Abstract
Developing the analytical procedure requires estimating what independent variables will be tested and at what levels. There are statistical models that enable the optimization of the process. They involve statistical analysis, which indicates the crucial factors for the process and the potential interactions between the analyzed variables. Analysis of variance (ANOVA) is applied in the evaluation of the significance of the independent variables and their interactions. The most commonly used chemometric models are Box–Behnken Design, Central Composite Design and Doehlert Design, which are second-order fractional models. The alternative may be the artificial neural networks (ANN), whose structure is based on the connection of neurons in the human brain. They consist of the input, hidden and output layer. In such analysis, the activation functions must be defined. Both approaches might be useful in planning the analytical procedure, as well as in predicting the response prior to performance the measurements. The proposed procedures may be applied for polymeric systems.

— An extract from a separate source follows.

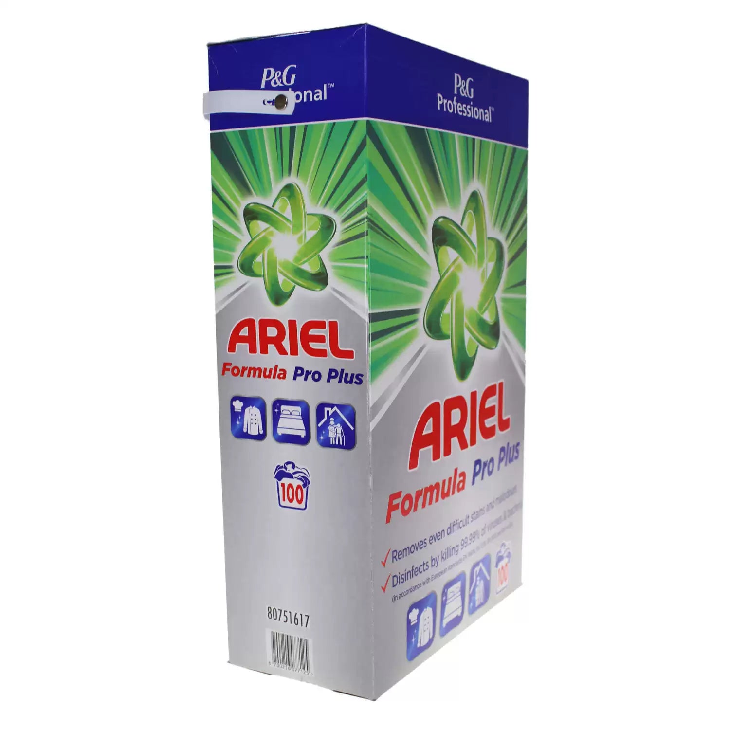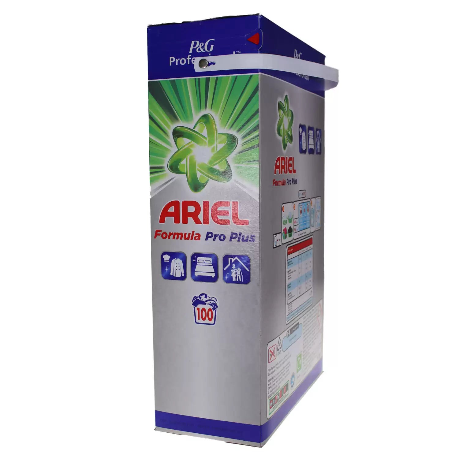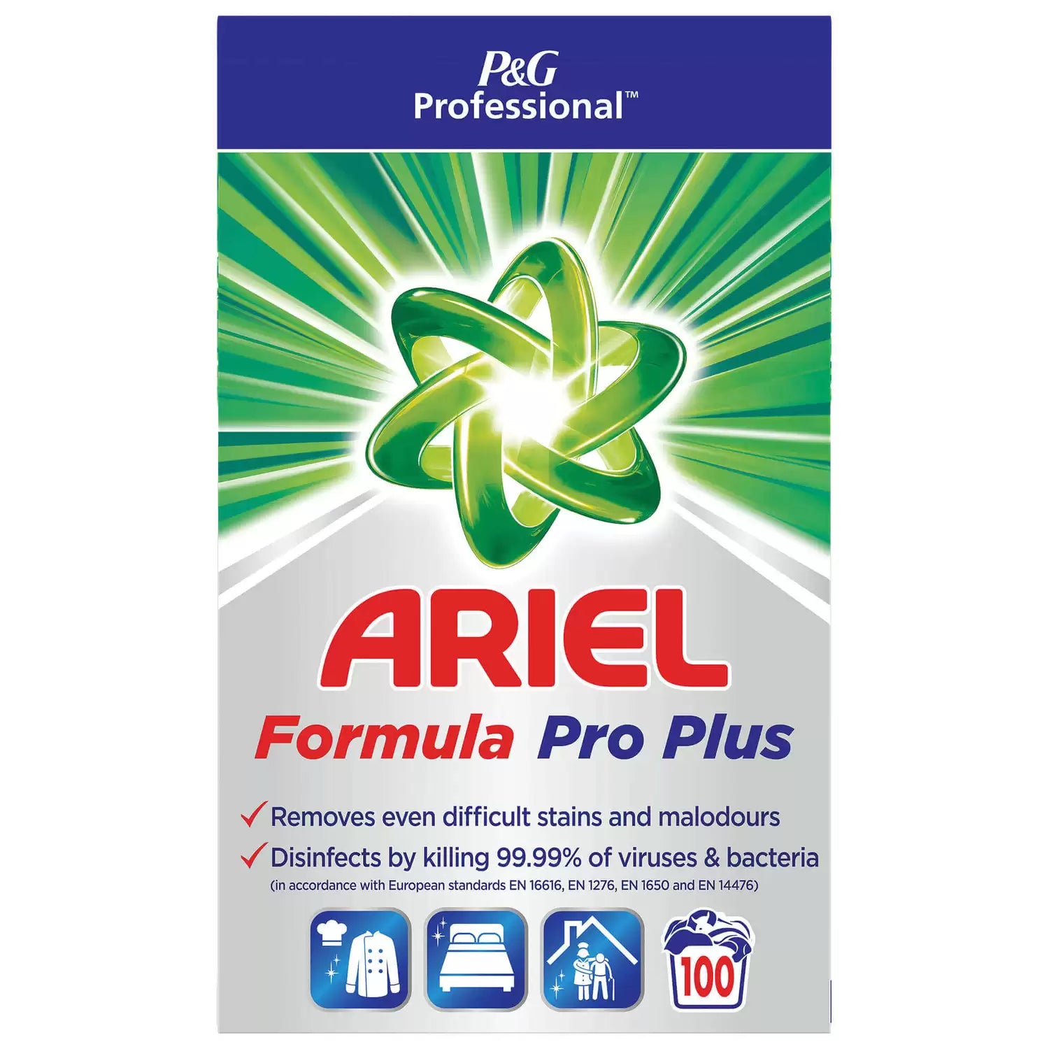 This massive 100 wash box of Ariel Professional Formula Pro Laundry Powder is formulated to remove difficult stains and malodours, utilising a powerful combination of ingredients. It disinfects by killing 99.99% of viruses and bacteria in accordance with EN 16616, EN 1276, EN 1650 and EN 14476. Each scoop gives a fresh but not overpowering scent. It provides great cleaning results without the need for pre-washing or pre-soaking, helping you save water and energy.

Keywords: optimization, artificial intelligence, Box–Behnken Design, Central Composite Design, Doehlert Design
Streszczenie
Opracowanie procedury analitycznej wymaga określenia, jakie zmienne niezależne będą testowane i na jakich poziomach. Istnieją modele statystyczne, które umożliwiają optymalizację procesu. Polegają one na analizie statystycznej, która wskazuje czynniki istotne dla procesu oraz potencjalne interakcje pomiędzy analizowanymi zmiennymi. Analiza wariancji (analysis of variance – ANOVA) stosowana jest do oceny istotności zmiennych niezależnych i ich interakcji. Najczęściej stosowanymi modelami chemometrycznymi są modele Box–Behnken Design, Central Composite Design i Doehlert Design. Są to modele frakcyjne drugiego rzędu. Alternatywą mogą być sztuczne sieci neuronowe (artificial neural networks – ANN), których budowa opiera się na połączeniu neuronów w mózgu człowieka. Składają się one z warstwy wejściowej, ukrytej i wyjściowej. W przypadku tej analizy należy zdefiniować funkcje aktywacji. Obydwa podejścia mogą być przydatne w planowaniu procedury analitycznej, a także w przewidywaniu wyniku przed wykonaniem pomiarów. Zaproponowane procedury mogą być zastosowane w systemach polimerowych.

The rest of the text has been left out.